:: EXERCISE DATA ::
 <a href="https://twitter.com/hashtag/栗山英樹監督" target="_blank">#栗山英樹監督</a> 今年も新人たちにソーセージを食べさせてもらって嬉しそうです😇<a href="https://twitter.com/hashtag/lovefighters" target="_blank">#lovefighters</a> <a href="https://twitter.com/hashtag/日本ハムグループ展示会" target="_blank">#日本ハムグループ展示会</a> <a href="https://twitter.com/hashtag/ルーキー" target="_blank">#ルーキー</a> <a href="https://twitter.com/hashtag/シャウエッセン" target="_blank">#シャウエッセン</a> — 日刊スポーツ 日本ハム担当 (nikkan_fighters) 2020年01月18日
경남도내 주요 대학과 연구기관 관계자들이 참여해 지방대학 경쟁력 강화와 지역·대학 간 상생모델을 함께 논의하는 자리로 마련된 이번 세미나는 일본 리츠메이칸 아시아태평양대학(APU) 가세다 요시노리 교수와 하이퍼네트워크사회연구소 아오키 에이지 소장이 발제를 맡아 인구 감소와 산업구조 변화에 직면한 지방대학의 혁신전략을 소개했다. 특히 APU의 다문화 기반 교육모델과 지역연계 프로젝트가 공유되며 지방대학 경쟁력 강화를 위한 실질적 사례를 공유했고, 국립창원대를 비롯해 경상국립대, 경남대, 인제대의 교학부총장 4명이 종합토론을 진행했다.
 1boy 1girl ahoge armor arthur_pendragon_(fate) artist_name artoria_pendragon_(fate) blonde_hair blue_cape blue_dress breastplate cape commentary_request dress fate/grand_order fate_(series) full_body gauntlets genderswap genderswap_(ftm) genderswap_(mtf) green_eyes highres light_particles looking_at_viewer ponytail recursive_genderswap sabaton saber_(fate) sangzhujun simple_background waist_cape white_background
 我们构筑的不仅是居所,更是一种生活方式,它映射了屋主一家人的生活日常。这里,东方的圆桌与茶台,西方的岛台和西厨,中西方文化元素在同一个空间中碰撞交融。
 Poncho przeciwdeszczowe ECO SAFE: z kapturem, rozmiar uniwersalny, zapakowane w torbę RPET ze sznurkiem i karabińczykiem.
:::
:: EXERCISE DATA ::
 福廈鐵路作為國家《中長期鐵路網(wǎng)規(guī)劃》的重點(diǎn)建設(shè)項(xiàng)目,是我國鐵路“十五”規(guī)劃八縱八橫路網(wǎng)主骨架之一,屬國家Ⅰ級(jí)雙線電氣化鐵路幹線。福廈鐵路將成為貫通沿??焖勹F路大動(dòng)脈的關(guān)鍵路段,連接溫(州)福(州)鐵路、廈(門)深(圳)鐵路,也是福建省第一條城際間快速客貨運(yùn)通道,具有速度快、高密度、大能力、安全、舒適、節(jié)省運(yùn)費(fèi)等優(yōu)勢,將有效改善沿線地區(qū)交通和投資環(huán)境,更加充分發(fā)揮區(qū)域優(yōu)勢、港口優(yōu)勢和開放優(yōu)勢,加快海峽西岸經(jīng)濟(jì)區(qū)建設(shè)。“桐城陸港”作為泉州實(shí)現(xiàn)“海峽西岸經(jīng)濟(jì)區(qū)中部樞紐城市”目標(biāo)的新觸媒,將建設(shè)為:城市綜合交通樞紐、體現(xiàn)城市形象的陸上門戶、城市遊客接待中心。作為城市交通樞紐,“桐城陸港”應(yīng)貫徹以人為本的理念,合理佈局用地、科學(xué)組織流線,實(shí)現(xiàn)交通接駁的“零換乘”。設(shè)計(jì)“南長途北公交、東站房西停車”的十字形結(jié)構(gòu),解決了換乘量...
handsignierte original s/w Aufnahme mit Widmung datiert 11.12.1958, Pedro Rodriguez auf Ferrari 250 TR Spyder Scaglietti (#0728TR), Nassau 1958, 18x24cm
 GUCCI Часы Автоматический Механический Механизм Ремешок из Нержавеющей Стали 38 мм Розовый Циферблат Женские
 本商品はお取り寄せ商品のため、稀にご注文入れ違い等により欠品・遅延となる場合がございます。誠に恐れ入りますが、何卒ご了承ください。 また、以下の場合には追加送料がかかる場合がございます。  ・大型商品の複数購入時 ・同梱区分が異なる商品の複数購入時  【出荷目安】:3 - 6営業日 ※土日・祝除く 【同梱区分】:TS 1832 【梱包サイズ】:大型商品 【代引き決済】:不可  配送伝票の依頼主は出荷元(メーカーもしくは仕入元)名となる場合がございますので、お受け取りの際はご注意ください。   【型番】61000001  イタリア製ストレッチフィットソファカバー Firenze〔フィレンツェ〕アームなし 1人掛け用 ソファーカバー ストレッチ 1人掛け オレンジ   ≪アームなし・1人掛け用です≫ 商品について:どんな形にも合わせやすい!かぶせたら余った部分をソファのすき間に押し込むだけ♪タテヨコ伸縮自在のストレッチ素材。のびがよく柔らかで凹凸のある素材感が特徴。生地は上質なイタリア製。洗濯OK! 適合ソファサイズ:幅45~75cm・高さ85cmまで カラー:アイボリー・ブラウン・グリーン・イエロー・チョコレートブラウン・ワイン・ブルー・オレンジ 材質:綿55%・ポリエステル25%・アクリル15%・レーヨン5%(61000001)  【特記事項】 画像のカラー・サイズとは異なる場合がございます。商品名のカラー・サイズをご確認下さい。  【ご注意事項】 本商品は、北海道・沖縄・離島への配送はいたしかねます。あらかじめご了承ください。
:::
:: EXERCISE DATA ::
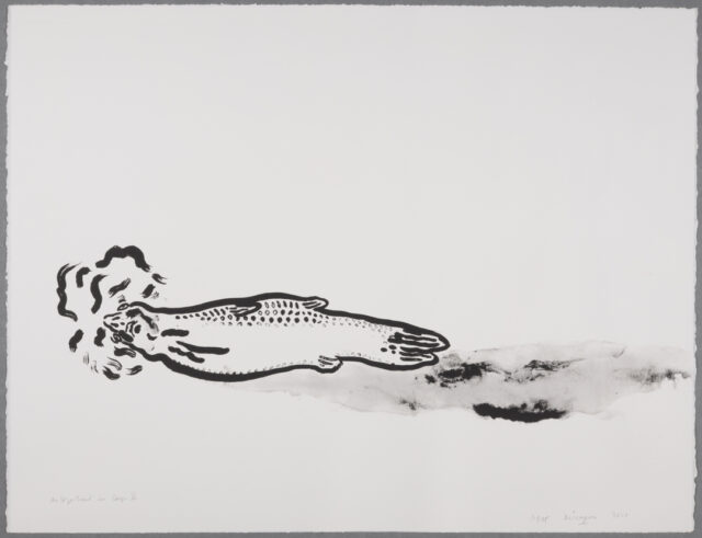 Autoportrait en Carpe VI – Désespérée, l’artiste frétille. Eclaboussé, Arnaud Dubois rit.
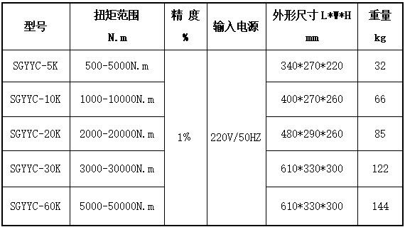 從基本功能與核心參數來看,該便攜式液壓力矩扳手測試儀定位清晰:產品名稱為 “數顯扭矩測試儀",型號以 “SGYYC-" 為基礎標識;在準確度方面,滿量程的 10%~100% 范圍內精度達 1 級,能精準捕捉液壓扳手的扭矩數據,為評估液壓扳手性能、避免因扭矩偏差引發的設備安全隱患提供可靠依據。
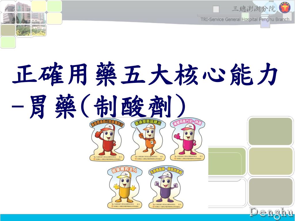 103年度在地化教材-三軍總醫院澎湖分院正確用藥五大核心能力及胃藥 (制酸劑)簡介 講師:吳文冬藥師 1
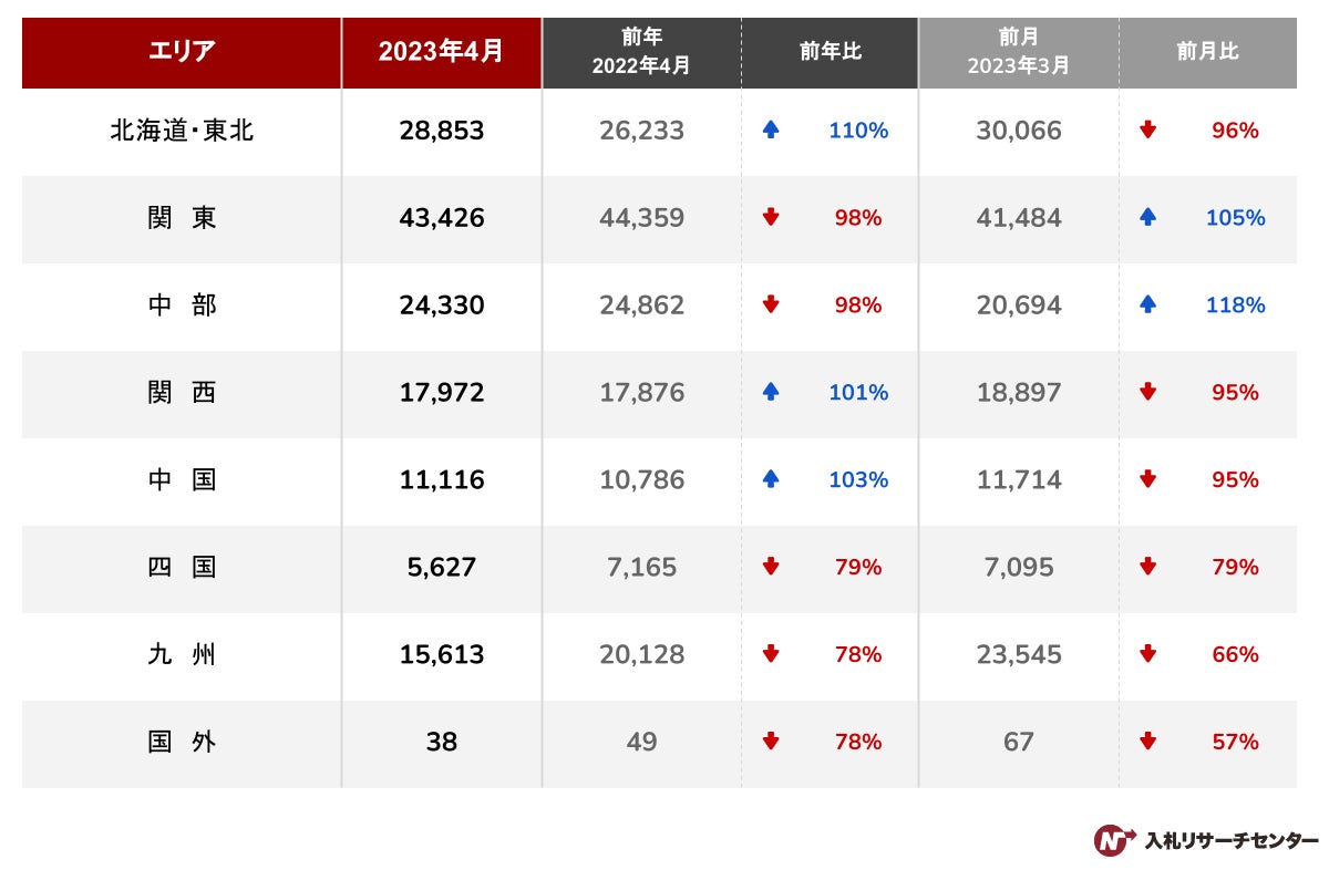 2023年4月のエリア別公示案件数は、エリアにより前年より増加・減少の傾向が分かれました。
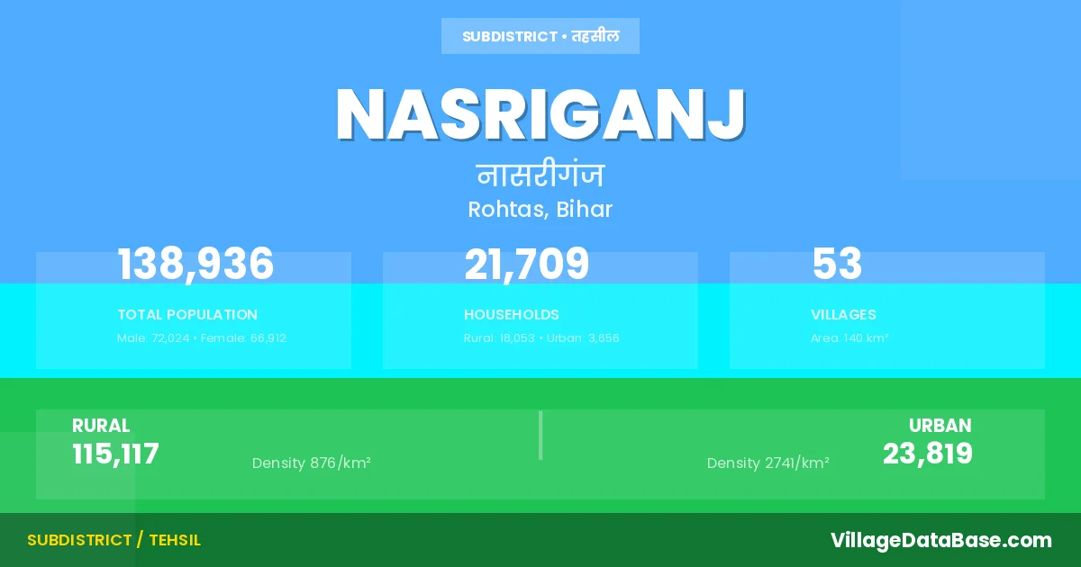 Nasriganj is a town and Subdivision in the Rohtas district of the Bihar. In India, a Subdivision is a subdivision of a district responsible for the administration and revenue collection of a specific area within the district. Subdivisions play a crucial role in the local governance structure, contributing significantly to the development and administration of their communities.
:::
▸ **REQUIRED WORK**: Look above for the line containing "2023年4月のエリア別公示", then write out every line from there down to the line containing "Nasriganj is a", that line included, with no pictures.

▸ **RESULT OF THIS TASK**:
 2023年4月のエリア別公示案件数は、エリアにより前年より増加・減少の傾向が分かれました。
 Nasriganj is a town and Subdivision in the Rohtas district of the Bihar. In India, a Subdivision is a subdivision of a district responsible for the administration and revenue collection of a specific area within the district. Subdivisions play a crucial role in the local governance structure, contributing significantly to the development and administration of their communities.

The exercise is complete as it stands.